Dans la troisième phase (néphrite intersititelle subaiguë à chronique), le cadavre
est émacié, pâle, "urémique" et éventuellement ictérique. Les reins sont pâles, fermes,
granuleux et rétractés. Le microscope montre une réaction cellulaire qui décroît avec la
chronicité du problème ainsi que le nombre de tubuli infectés. Au contraire, la fibrose
augmente. Dans les cas tout à fait chroniques, aucun leptospire ne sera observé. Chez
les animaux ictériques, des lésions de nécrose centrilobulaire avec infiltration de
lymphocytes et de la fibrose dans les cas chroniques sont observés.
- Bovins: La forme suraiguë est caractérisée par des lésions de septicémies,
éventuellement hémorragiques. La forme aiguë montre un cadavre anémié, ictérique,
avec des hémorragies sous-cutanées et sous-muqueuses et de l'hémoglobinurie.
Les avortons sont souvent autolysés.
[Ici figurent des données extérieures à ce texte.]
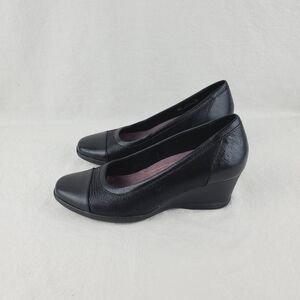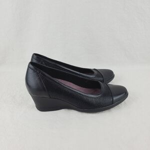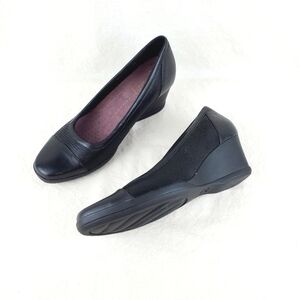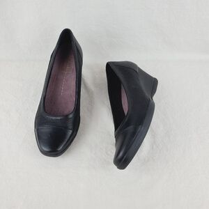 Clarks everyday active air Black leather wedge shoes size 6.5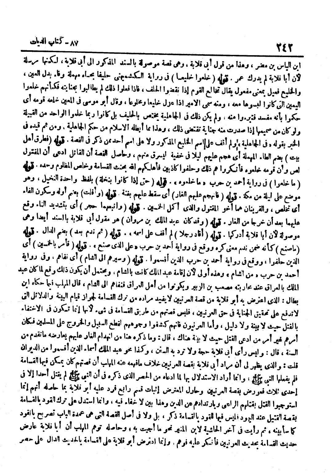 بْنِ إِلْيَاسَ بْنِ مُضَرَ وَهَذَا مِنْ قَوْلِ أَبِي قِلَابَةَ وَهِيَ قِصَّةٌ مَوْصُولَةٌ بِالسَّنَدِ الْمَذْكُورِ إِلَى أَبِي قِلَابَةَ لَكِنَّهَا مُرْسَلَةٌ لِأَنَّ أَبَا قِلَابَةَ لَمْ يُدْرِكْ عُمَرَ قَوْلُهُ خَلَعُوا خَلِيعًا فِي رِوَايَةِ الْكُشْمِيهَنِيِّ حَلِيفًا بِحَاءٍ مُهْمَلَةٍ وَفَاءٍ بَدَلَ الْعَيْنِ وَالْخَلِيعُ فَعِيلٌ بِمَعْنَى مَفْعُولٍ يُقَالُ تَخَالَعَ الْقَوْمُ إِذَا نَقَضُوا الْحِلْفَ فَإِذَا فَعَلُوا ذَلِكَ لَمْ يُطَالَبُوا بِجِنَايَتِهِ فَكَأَنَّهُمْ خَلَعُوا الْيَمِينَ الَّتِي كَانُوا لَبِسُوهَا مَعَهُ وَمِنْهُ سُمِّيَ الْأَمِيرُ إِذَا عُزِلَ خَلِيعًا وَمَخْلُوعًا وَقَالَ أَبُو مُوسَى فِي الْمُعِينِ خَلَعَهُ قَوْمُهُ أَيْ حَكَمُوا بِأَنَّهُ مُفْسِدٌ فَتَبَرَّءُوا مِنْهُ وَلَمْ يَكُنْ ذَلِكَ فِي الْجَاهِلِيَّةِ يَخْتَصُّ بِالْحَلِيفِ بَلْ كَانُوا رُبَّمَا خَلَعُوا الْوَاحِدَ مِنَ الْقَبِيلَةِ وَلَوْ كَانَ مِنْ صَمِيمِهَا إِذَا صَدَرَتْ مِنْهُ جِنَايَةٌ تَقْتَضِي ذَلِكَ وَهَذَا مِمَّا أَبْطَلَهُ الْإِسْلَامُ مِنْ حُكْمِ الْجَاهِلِيَّةِ وَمِنْ ثَمَّ قَيَّدَهُ فِي الْخَبَرِ بِقَوْلِهِ فِي الْجَاهِلِيَّةِ وَلَمْ أَقِفْ عَلَى اسْمِ الْخَلِيعِ الْمَذْكُورِ وَلَا عَلَى اسْمِ أَحَدٍ مِمَّنْ ذُكِرَ فِي الْقِصَّةِ قَوْلُهُ فَطَرَقَ أَهْلَ بَيْتٍ بِضَمِّ الطَّاءِ الْمُهْمَلَةِ أَيْ هَجَمَ عَلَيْهِمْ لَيْلًا فِي خُفْيَةٍ لِيَسْرِقَ مِنْهُمْ وَحَاصِلُ الْقِصَّةِ أَنَّ الْقَاتِلَ ادَّعَى أَنَّ الْمَقْتُولَ لِصٌّ وَأَنَّ قَوْمَهُ خَلَعُوهُ فَأَنْكَرُوا هُمْ ذَلِكَ وَحَلَفُوا كَاذِبِينَ فَأَهْلَكَهُمُ اللَّهُ بِحِنْثِ الْقَسَامَةِ وَخَلَّصَ الْمَظْلُومَ وَحْدَهُ قَوْلُهُ مَا خَلَعُوا فِي رِوَايَةِ أَحْمَدَ بْنِ حَرْبٍ مَا خَلَعُوهُ قَوْلُهُ حَتَّى إِذَا كَانُوا بِنَخْلَةَ بِلَفْظِ وَاحِدَةِ النَّخِيلِ وَهُوَ مَوْضِعٌ عَلَى لَيْلَةٍ مِنْ مَكَّةَ قَوْلُهُ فَانْهَجَمَ عَلَيْهِمُ الْغَارُ أَيْ سَقَطَ عَلَيْهِمْ بَغْتَةً قَوْلُهُ وَأُفْلِتَ بِضَمِّ أَوَّلِهِ وَسُكُونِ الْفَاءِ أَيْ تَخَلَّصَ وَالْقَرِينَانِ هُمَا أَخُو الْمَقْتُولِ وَالَّذِي أَكْمَلَ الْخَمْسِينَ قَوْلُهُ وَاتَّبَعَهُمَا حَجَرٌ أَيْ بِتَشْدِيدِ التَّاءِ وَقَعَ عَلَيْهِمَا بَعْدَ أَنْ خَرَجَا مِنَ الْغَارِ قَوْلُهُ وَقَدْ كَانَ عَبْدُ الْمَلِكِ بْنُ مَرْوَانَ هُوَ مَقُولُ أَبِي قِلَابَةَ بِالسَّنَدِ أَيْضًا وَهِيَ مَوْصُولَةٌ لِأَنَّ أَبَا قِلَابَةَ أَدْرَكَهَا قَوْلُهُ أَقَادَ رَجُلًا لَمْ أَقِفْ عَلَى اسْمِهِ قَوْلُهُ ثُمَّ نَدِمَ بَعْدُ بِضَمِّ الدَّالِ قَوْلُهُ مَا صَنَعَ كَأَنَّهُ ضَمَّنَ نَدِمَ مَعْنَى كَرِهَ وَوَقَعَ فِي رِوَايَةِ أَحْمَدَ بْنِ حَرْبٍ عَلَى الَّذِي صَنَعَ قَوْلُهُ فَأَمَرَ بِالْخَمْسِينَ أَيِ الَّذِينَ حَلَفُوا وَوَقَعَ فِي رِوَايَةِ أَحْمَدَ بْنِ حَرْبٍ الَّذِينَ أَقْسَمُوا قَوْلُهُ وَسَيَّرَهُمْ إِلَى الشَّامِ أَيْ نَفَاهُمْ وَفِي رِوَايَةِ أَحْمَدَ بْنِ حَرْبٍ مِنَ الشَّامِ وَهَذِهِ أَوْلَى لِأَنَّ إِقَامَةَ عَبْدِ الْمَلِكِ كَانَتْ بِالشَّامِ وَيَحْتَمِلُ أَنْ يَكُونَ ذَلِكَ وَقَعَ لَمَّا كَانَ عَبْدُ الْمَلِكِ بِالْعِرَاقِ عِنْدَ مُحَارَبَتِهِ مُصْعَبَ بْنَ الزُّبَيْرِ وَيَكُونُوا مِنْ أَهْلِ الْعِرَاقِ فَنَفَاهُمْ إِلَى الشَّام قَالَ الْمُهلب فِيمَا حَكَاهُ بن بَطَّالٍ الَّذِي اعْتَرَضَ بِهِ أَبُو قِلَابَةَ مِنْ قِصَّةِ الْعُرَنِيِّينَ لَا يُفِيدُ مُرَادَهُ مِنْ تَرْكِ الْقَسَامَةِ لِجَوَازِ قِيَامِ الْبَيِّنَةِ وَالدَّلَائِلِ الَّتِي لَا تُدْفَعُ عَلَى تَحْقِيقِ الْجِنَايَةِ فِي حَقِّ الْعُرَنِيِّينَ فَلَيْسَ قِصَّتُهُمْ مِنْ طَر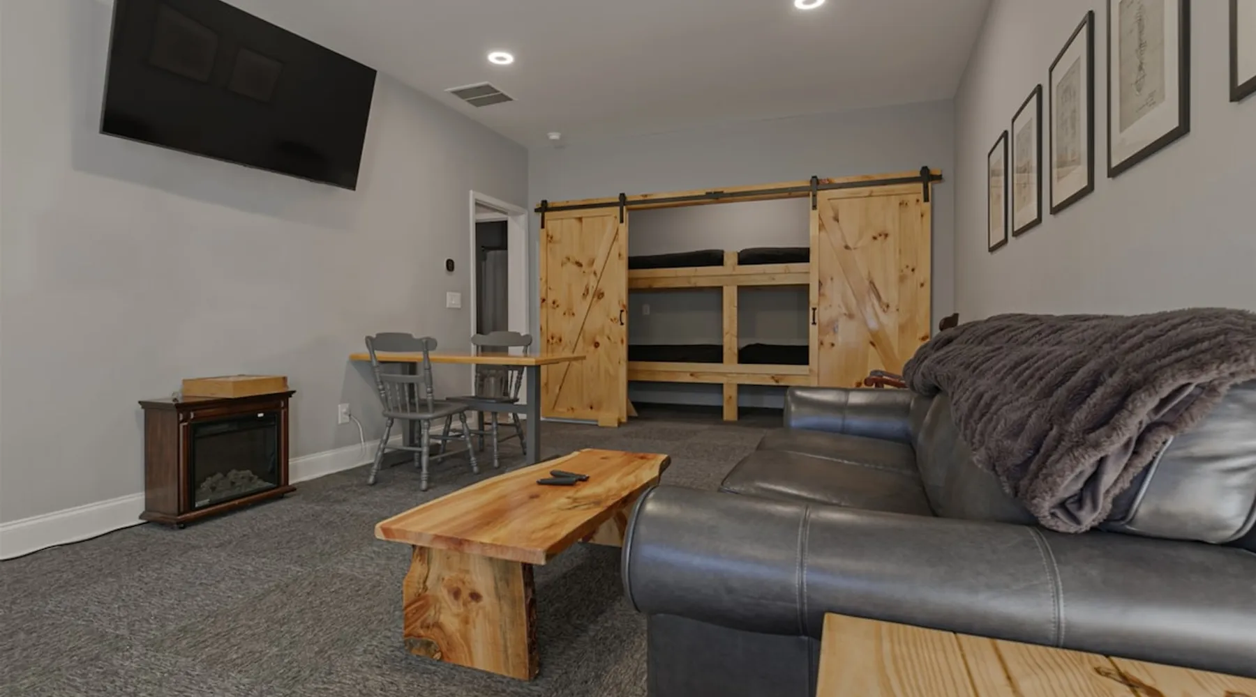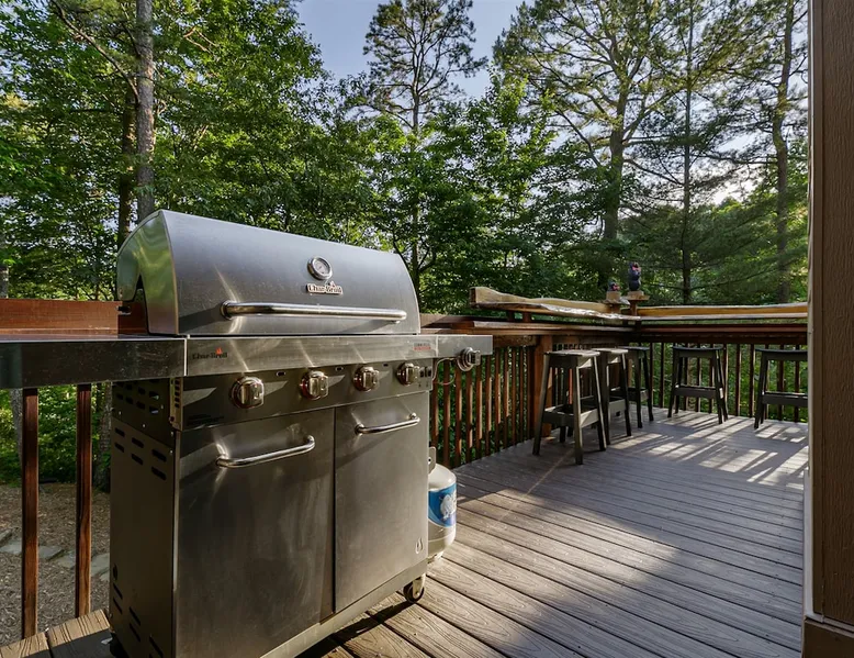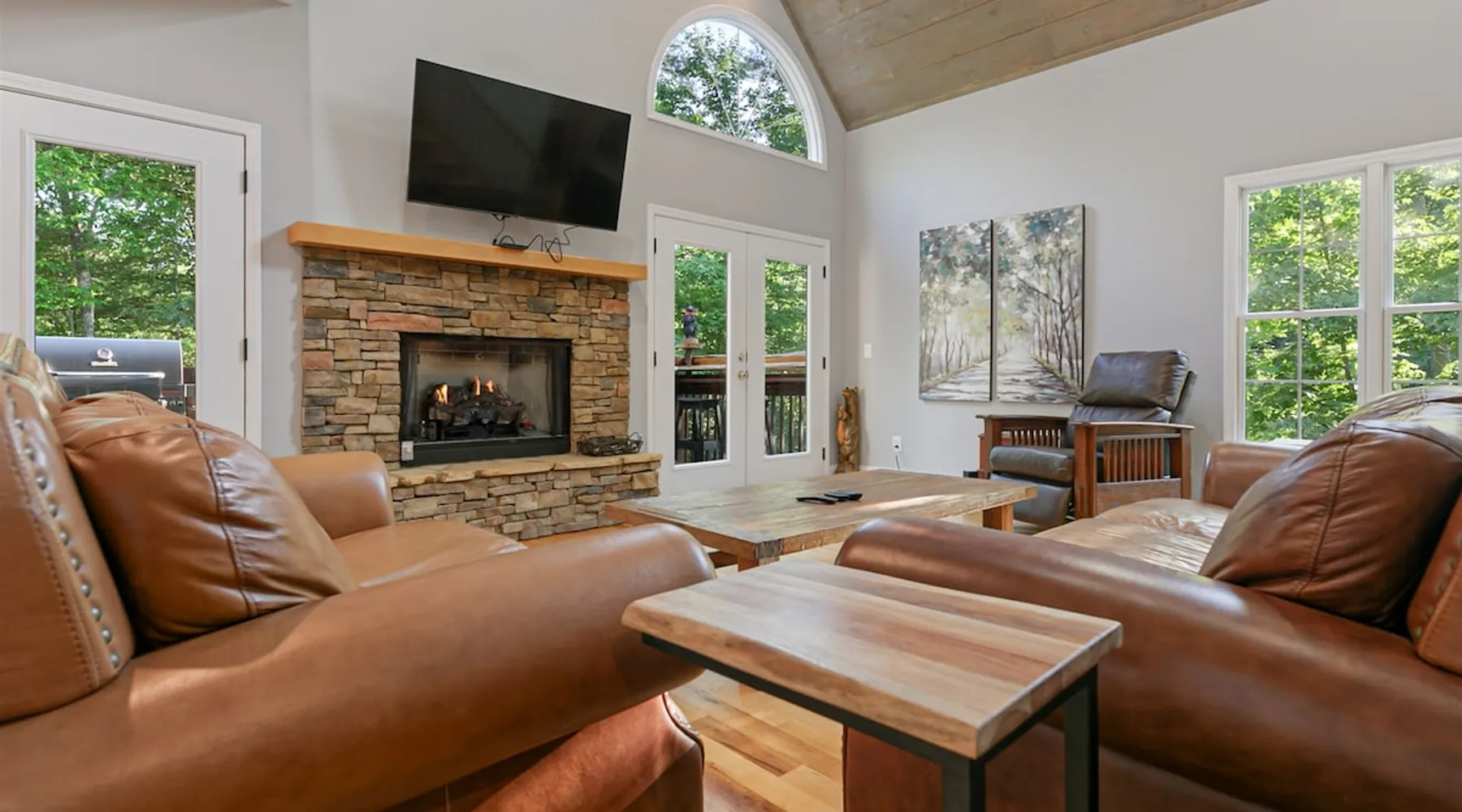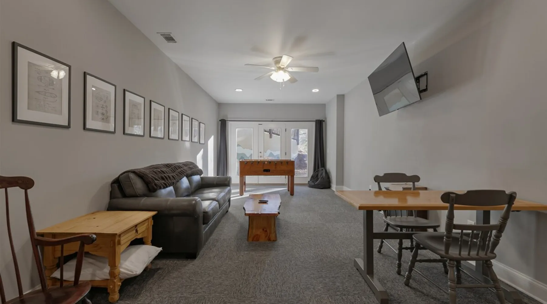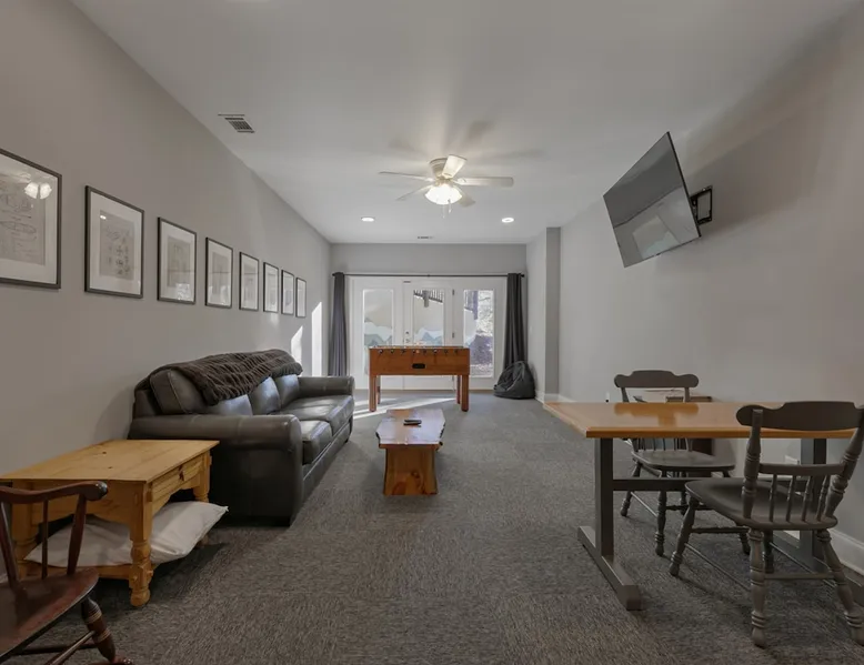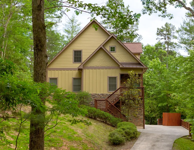 Retreat 52 presents a meticulously upgraded three-level home within Innsbruck Golf Resort. Tucked away at the rear of the community, it boasts direct access to the lush greenery of the golf course, offering unparalleled privacy mere minutes from downtown Helen. The space Retreat 52 is a fully-loaded & newly renovated 3 level home in Innsbruck Golf Resort. The property is nestled in the back of the community right on the green. Enjoy privacy only minutes away from downtown Helen. The inside boasts a spacious main level great room with a modern rustic design, gas fireplace, and large windows that provide great natural light. The kitchen is fully equipped with stainless steel appliances, and a large dining table with a beautiful Edison bulb light fixture. Every bedroom is furnished with ultra-comfortable luxury linens, and Smart TVs for down time. The large deck features a screened-in portion, along with an outside bar on the railing, and commercial grade grill for BBQs. The terrace level is dedicated to entertainment and features a pool table, foosball table, additional family room with Smart TV, patio, fire pit area, and large hot tub. Retreat 52 sleeps 10 comfortably, and is ideal for families with 2-6 kids (bunk bed room). Enjoy all of the additional amenities of Innsbruck including:, golf, spa, & more! Other things to note 25+ age requirement for lead guest. No exceptions. This property is not pet or dog-friendly. No exceptions. Digital rental agreement will be required to sign and complete after property is booked. Firewood not provided for fire pit. Located in a private gated community. Trailers are not allowed. You can bring your own golf cart to travel within Innsbruck and downtown Helen, but it will have to be unloaded prior to entering community. Personal golf carts not allowed on golf course.

Les lésions rénales et hépatiques ont été
décrites chez le chien. Des lésions d'urémie sont aussi présentes (cf chien).
- Porc: Les lésions lors de formes aiguës ont été décrites chez le chien et le veau.
L'avorton montre des épanchements cavitaires ainsi que de petits foyers grisâtres
nécrotiques (1 à 4 mm) sur le foie. Les enveloppes sont oedémateuses et nécrosées. La
truie montre de la néphrite interstitielle.
- Chevaux, petits ruminants et chats: Les lésions sont similaires à celles des autres
espèces animales dans les différentes formes.
f) Diagnostic
Le diagnostic clinique de leptospirose est difficile à poser car les signes
d'hépatite et de néphrite ne fournissent que des présomptions. Seul le laboratoire
apportera une confirmation.
Le diagnostic bactériologique par examen microscopique, par cultures ou par
inoculation intrapéritonéale chez le hamster peut se faire sur le sang pendant la phase de
leptospirémie (12 semaines), ou sur l'urine (dès la seconde semaine). En raison du peu
de résistance des leptospires, il importe de procéder à l'examen de produits fraîchement
recueillis. L'examen microscopique se pratique sur fond noir ou au contraste de phases.
Les cultures ne sont pas possibles pour toutes les souches de leptospires et doivent se
faire sur milieux spéciaux. Des hémocultures positives sont obtenues à partir des
hamsters huit jours après l'inoculation.
Le diagnostic bactériologique au microscope est aussi possible sur coupes
histologiques après imprégnation à l'argent ou immunofluorescence indirecte.